Володя посмотрел на своих спящих в креслах друзей, засмеялся в накладные гвардейские усы и пошел на улицу. Надо было еще раз обрисовать с каскадерами из массовки сегодняшний рисунок драки.
Примерно через час в двери Дома Культуры, временно ставшего штабом фильма «дАртаньян и три мушкетера» влетел Веня Смехов, приехавший сюда сразу из аэропорта, минуя гостиницу. Лева Дуров, летевший вместе с ним, сниматься должен был позже, а потому у него было время заехать в гостиницу и хотя бы принять душ.
Войдя внутрь, Веня увидел картину, достойную пера автора шедевра «Не ждали» Петра Репина. Точнее, гример Паша Веню-то как раз очень даже ждал.

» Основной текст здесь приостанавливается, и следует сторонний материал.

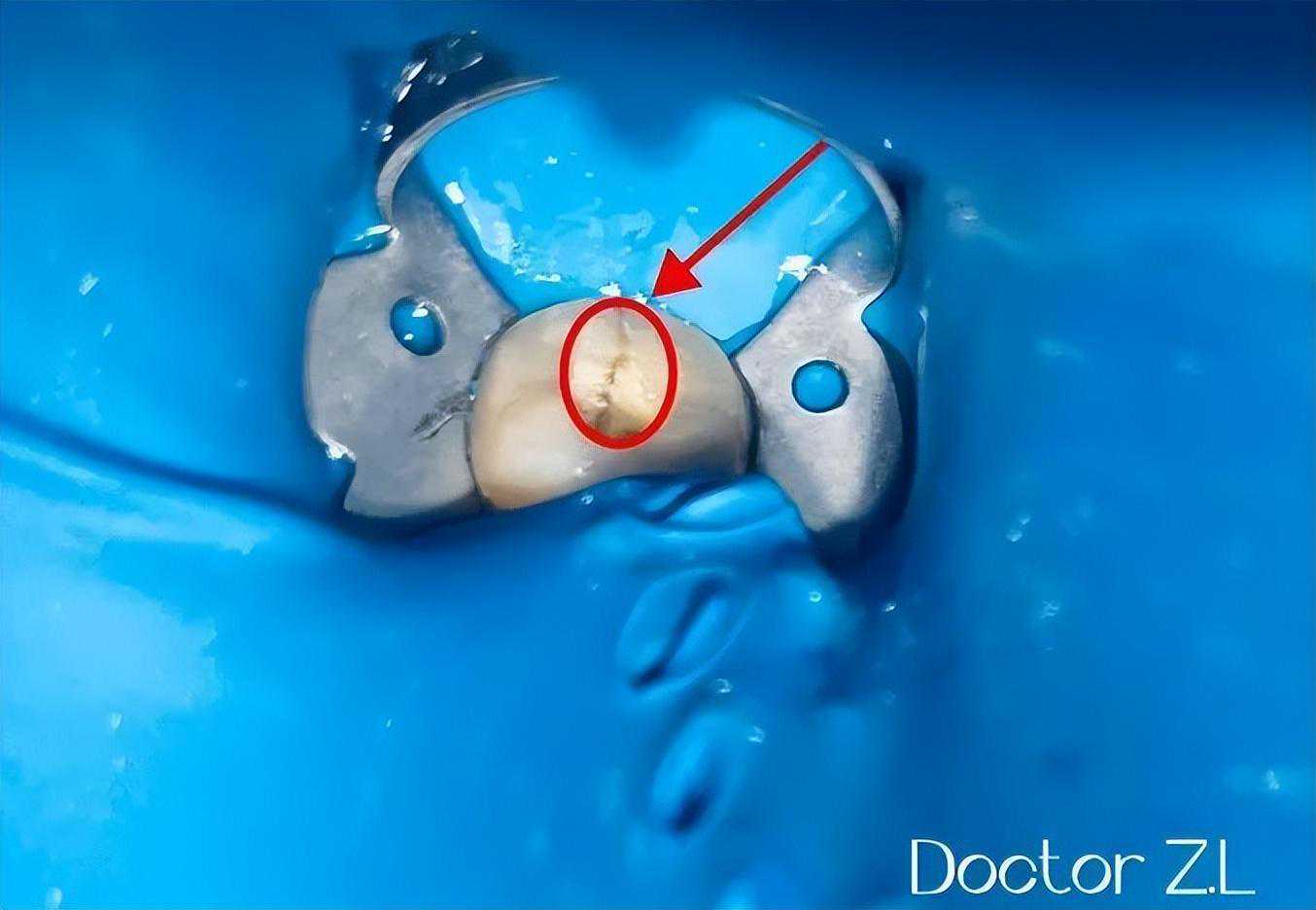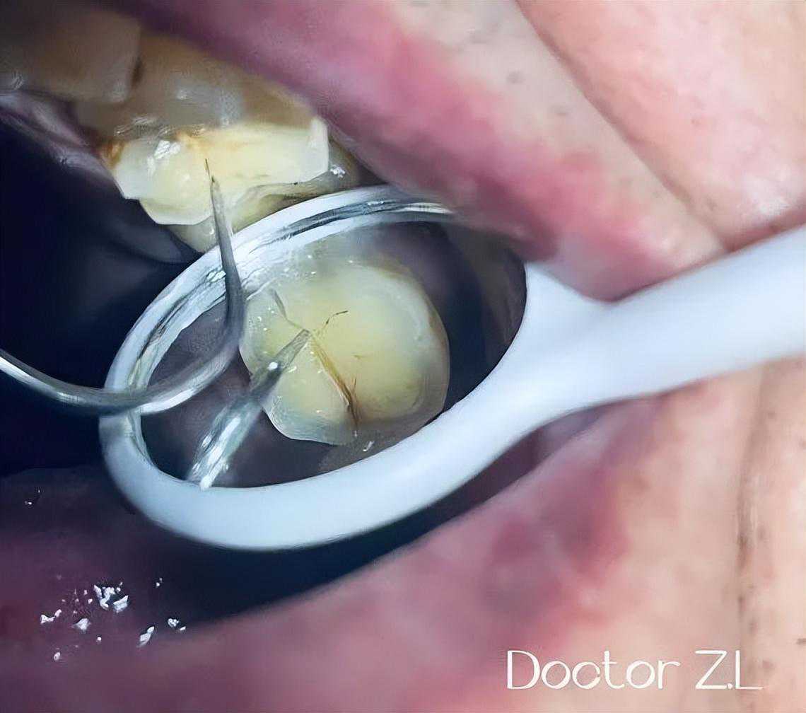 待反复确诊患牙后,降低患牙咬合,就已经可以清晰看到患牙远中邻面的纵向裂纹。
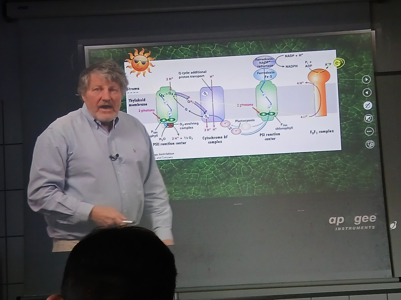 이 수업은 크게 3개의 순서대로 진행이 되는데, 외부 교수님의 강연, 강연 관련 기기 체험, 학생의 발표 순으로 전개된다. 담당 교수님이 직접 강의식 수업을 하는 경우는 많지 않고, 화상으로 외부 교수님과 연결이 되면 위 사진처럼 화상 수업을 하는 경우가 일반적이다. 수업을 하시는 교수님은 매주마다 바뀐다. 그렇게 한두 분 정도 수업을 하시면, 쉬는 시간을 약간 가지다가 강의실의 교수님이 여러 가지 기계들을 보여주시면서 체험식으로 강의를 하신다. 가끔씩은 밖으로 나가서 기기를 만지시기도 한다. 그러다가 한 명이라도 해당 날짜에 발표 일정이 있다면 그 학생의 발표를 듣는 것으로 수업이 끝난다.

А вот три бревна на полу, при ближайшем рассмотрении оказавшиеся его друзьями-мушкетерами Мишкой, Игорьком и Валькой, причем в полной «боевой», так сказать, раскраске и экипировке, никак не отреагировали на появлении своего товарища. Амбре в зале при этом стояло соответствующее…
«Опять вчера не скучали без Атоса» … — Подумал Веня, перешагивая через них и усаживаясь в кресло к Паше. — «Ну, ничего… я еще на вас отыграюсь…»
Через несколько минут он уже тихонько подремывал, пока неизменно улыбающийся Паша превращал вчерашнего злодея Клавдия в благородного Атоса. Сказалась бессонная ночь в самолете, а Паше было не привыкать гримировать актеров в любом состоянии и положении тела.
Когда спустя полчаса Паша закончил свою работу, а три тела — «бревна» остались в прежнем положении, Вене стало совсем обидно. И тогда он, набрав в легкие воздуха, огласил тишину зычным голосом:
Ленину ридны!
Учителю наш!..
Боярский подскочил, как ужаленный, неосторожно заехав лежащему рядом Игорю по левой щеке, от чего у последнего смазался грим. Плохо соображающего — «а что, собственно, происходит?» — Игорька тут же под белы рученьки подхватил спокойный и молчаливый Паша и вернул обратно в кресло, дабы успеть оперативно поправить результат непредвиденного нападения. Валя уже занимал сидячее положение, забавно пытаясь прочистить ухо, словно клич Вени оглушил его.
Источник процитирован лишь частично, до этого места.